Она подняла глаза, словно ища темного ночного неба и тихих звезд, но там, над головой, все так же холодно и равнодушно висела серовато-белая крыша. И Аглае казалось, что она давит ее мозг, давит ее мысли.
Аглая перевела глаза на улицу, на красные буквы бюллетеня, то меркнувшие, то загоравшиеся вновь, принося вести со всех концов земли:
«Падение воздушника около Мадрида. Одиннадцать жертв».
«Выборы в токийском округе. Выбран Камегава большинством в 389 голосов».
«Извержение в Гренландии продолжается. Мобилизованы четыре дружины».
Аглая читала сообщения, и смысл этих красных, словно налитых кровью слов ускользал от нее. Она перевела взгляд направо. Там сверкали холодные зеленые буквы вечерней программы:
«Зал первый. Лекция Любавиной о строении земной коры».
«Зал второй. Ароматический концерт».
«Зал третий. Лекция Карпова».
Это имя ударило Аглаю как молотком, и она, вскочив, хотела идти.
Но куда идти?
Ей хотелось сегодня быть подальше от людей, этих самодовольных, смеющихся, веселых и однообразных, как манекены, людей. Еще страшнее было ей идти в свою комнату, чистую, светлую и всю наполненную одиночеством. Страшнее всего было ей оставаться наедине с собою.
Она решила идти к Любе, своей новой подруге, с которой она близко сошлась за последние два месяца. На Невском было пустынно. Во многих окнах уже не было огней, и блестящие, холодные фасады домов словно застыли, залитые ровным белым светом. Полоски самодвижек без конца бежали в ту и другую сторону вдоль домов. Только немногие фигуры стояли и сидели на самодвижках, изредка перебрасываясь словами, гулко отдававшимися на пустынной улице.
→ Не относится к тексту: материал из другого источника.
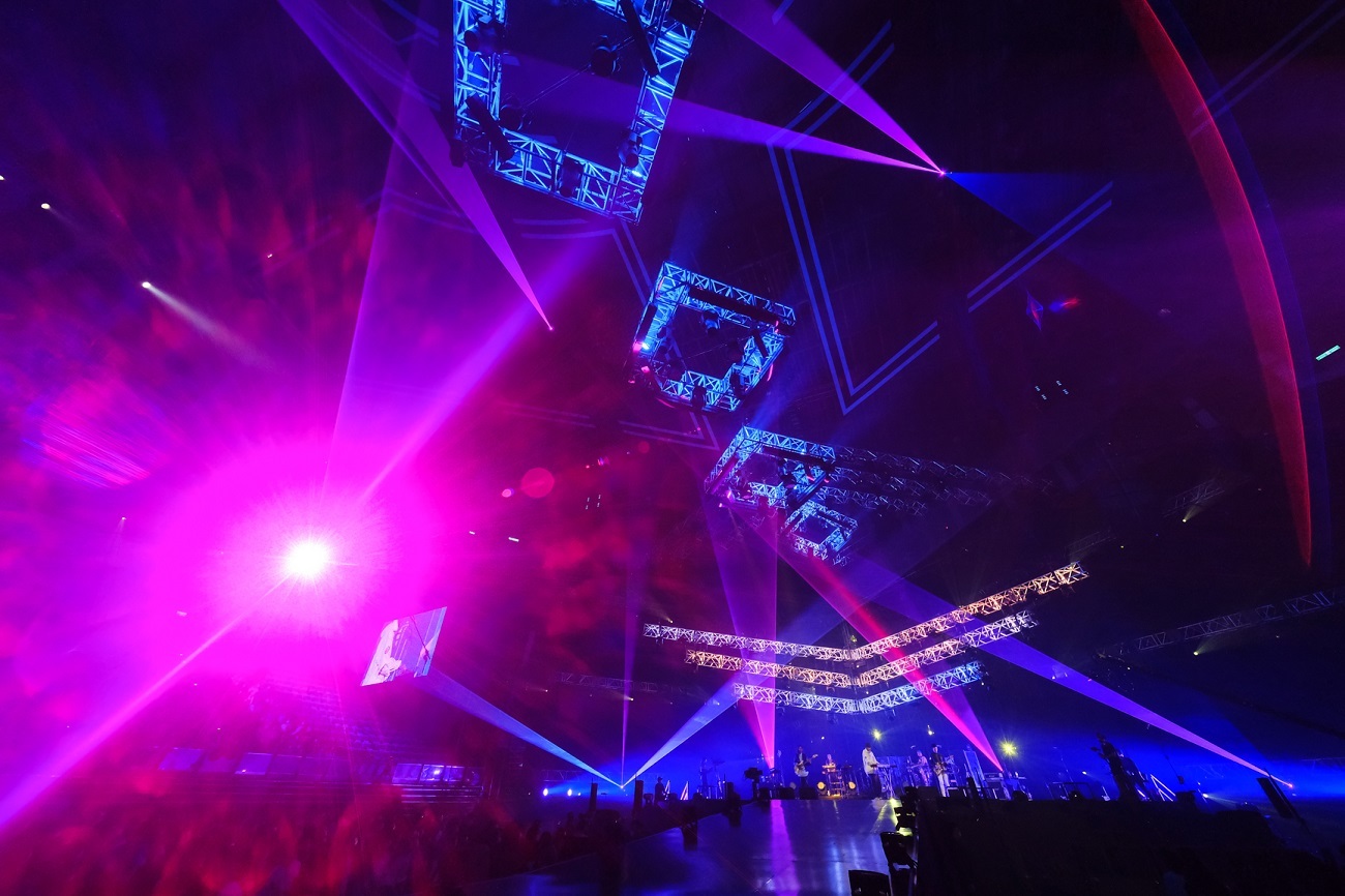 結構動きのある3人の姿を目で追っていたいが、曲ごとに変わるスクリーンの映像からも目が離せない。また、幾重にも交差するレーザーの光と、楽曲に合わせて時にダイナミックに、時に繊細に変化するムービングライトの演出がとにかく圧巻で、彼らのパフォーマンスをよりカラフルに、感動的に彩っていた。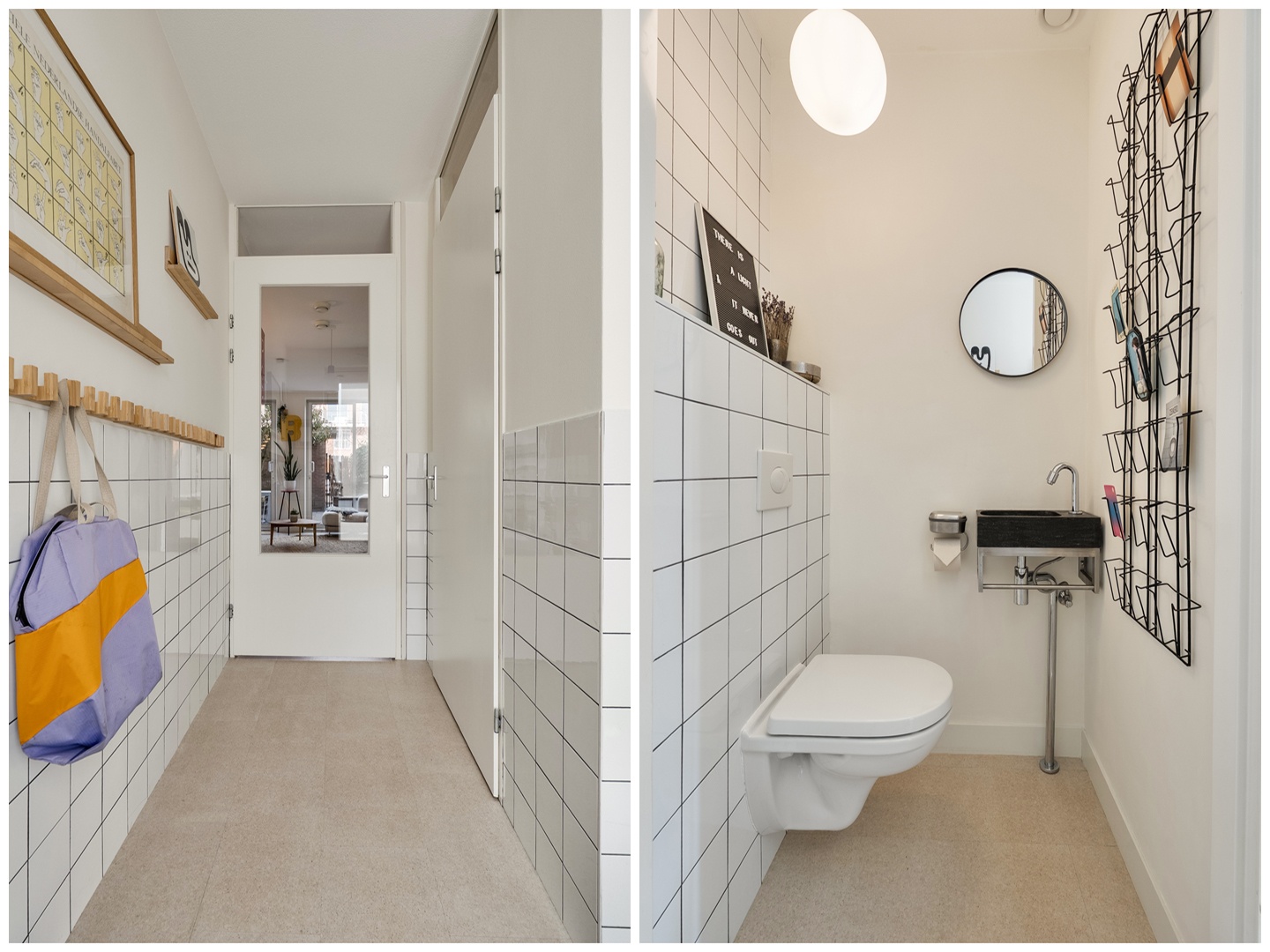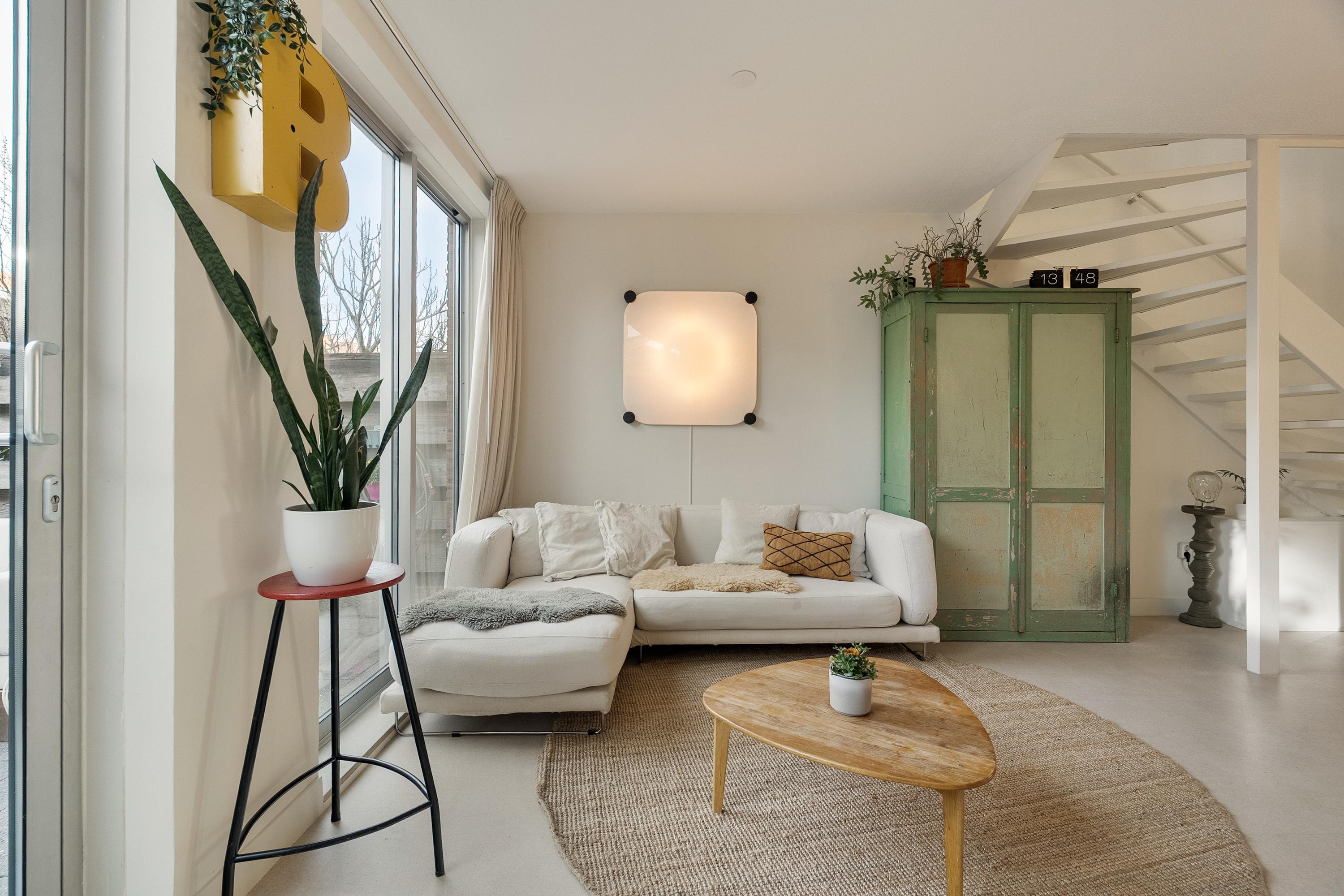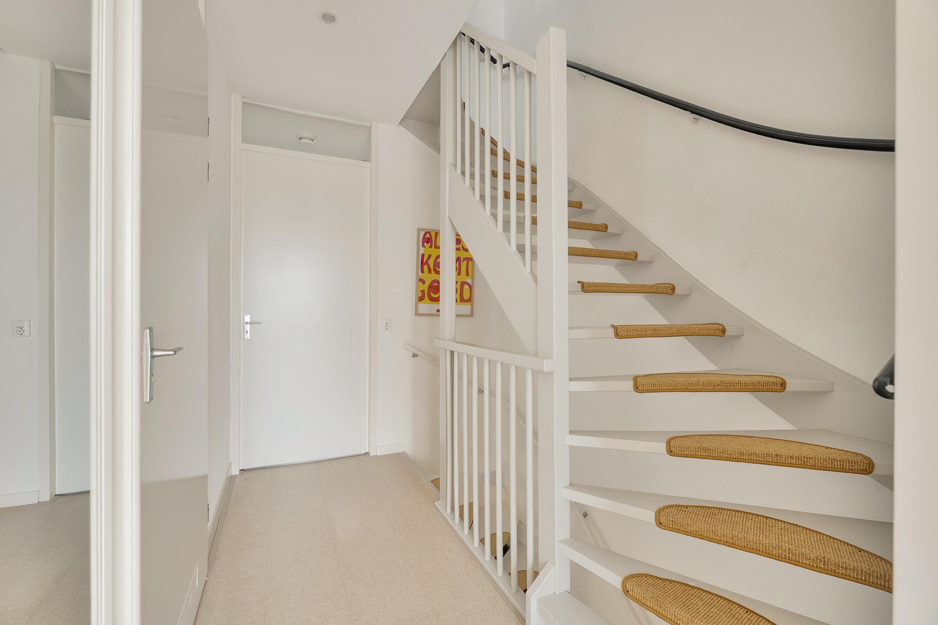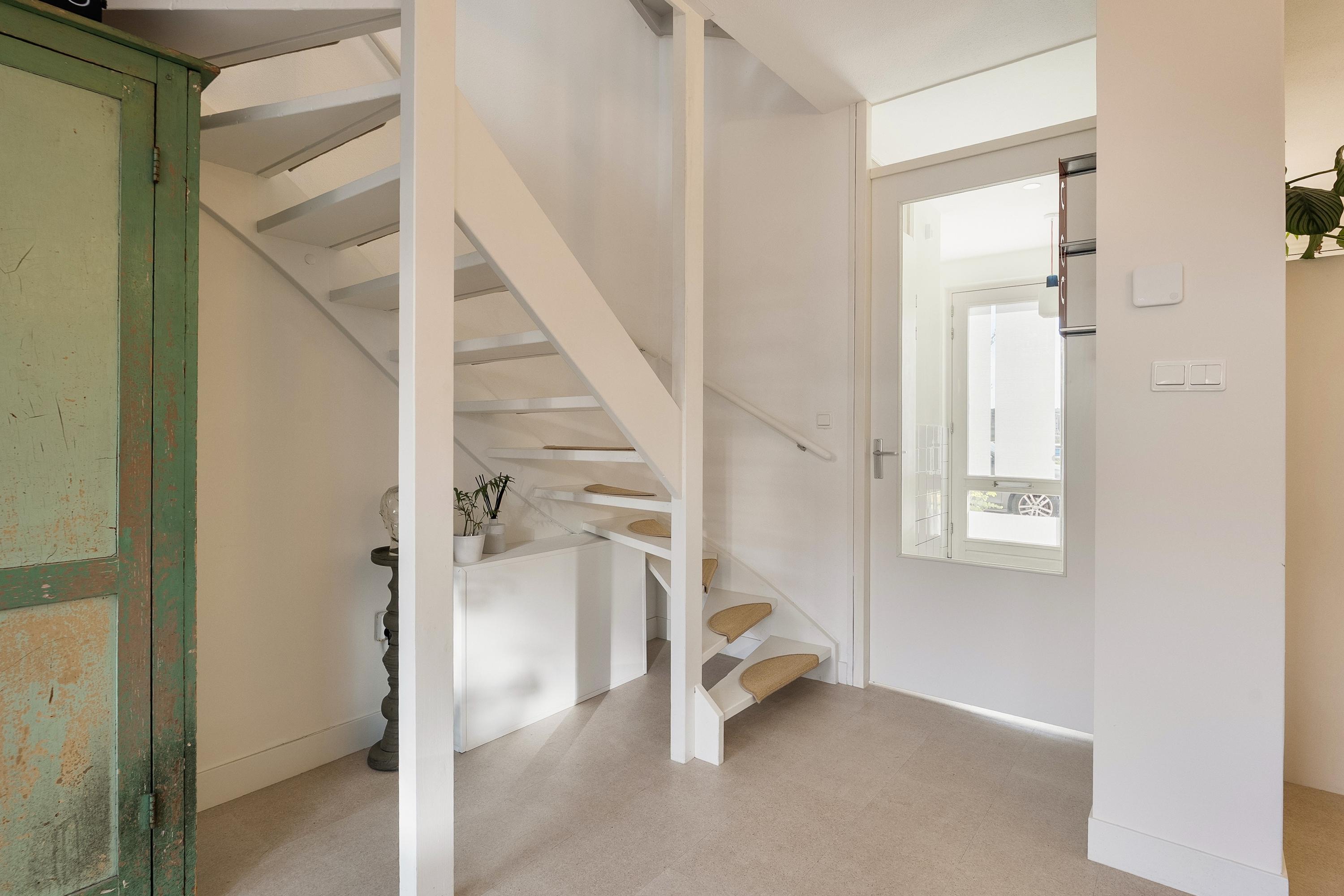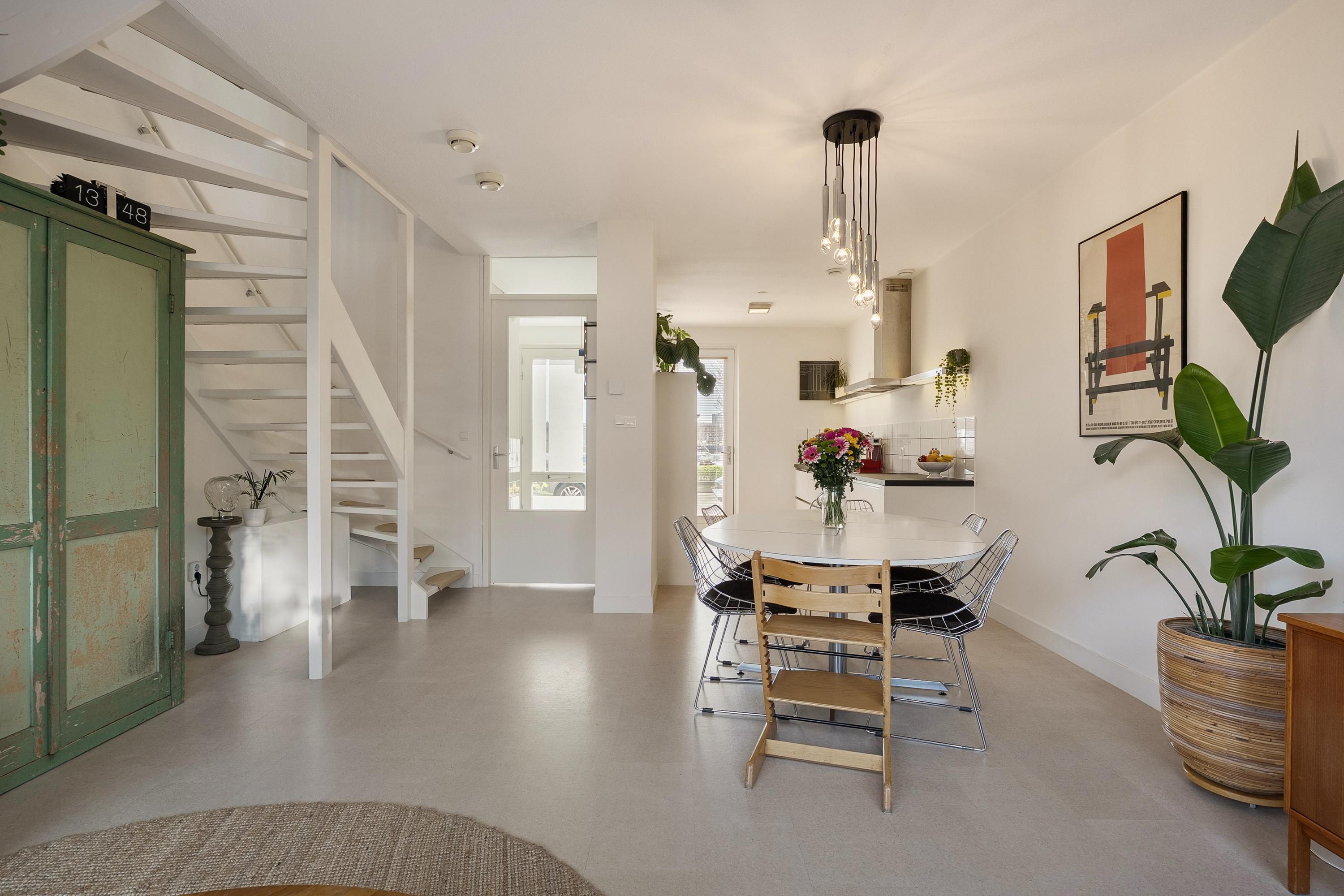 We stappen binnen via de voordeur op de begane grond en komen in de hal. Dankzij de verbouwing van 2023 is deze entree geopend richting de woonkamer: de trap is nu onderdeel van de leefruimte, waardoor de begane grond één open, logische eenheid vormt. Op de vloer ligt een warme kurkvloer van Decork Haarlem — een mooie keuze die direct de toon zet. De vloerverwarming zorgt voor comfortabele warmte, zonder zichtbare radiatoren.

Аглая села в кресло самодвижки и закрыла снова глаза.
VI
На этот раз она не пропустила и остановилась у дома номер девять. Она вошла в подъезд и надавила на справочной доске кнопку номер двадцать семь. И в ответ тотчас появилась светлая надпись: «Дома. Кто?»
Аглая ответила, и снова блеснули буквы: «Иди».
Аглая стала на подъемную машину, поднялась на восьмой этаж, сделала несколько шагов по коридору и постучалась в комнату номер двадцать семь.
– Войди, – ответила Люба.
– Ты одна? – спросила Аглая, с трудом различая предметы в освещенной одним только согревателем комнате.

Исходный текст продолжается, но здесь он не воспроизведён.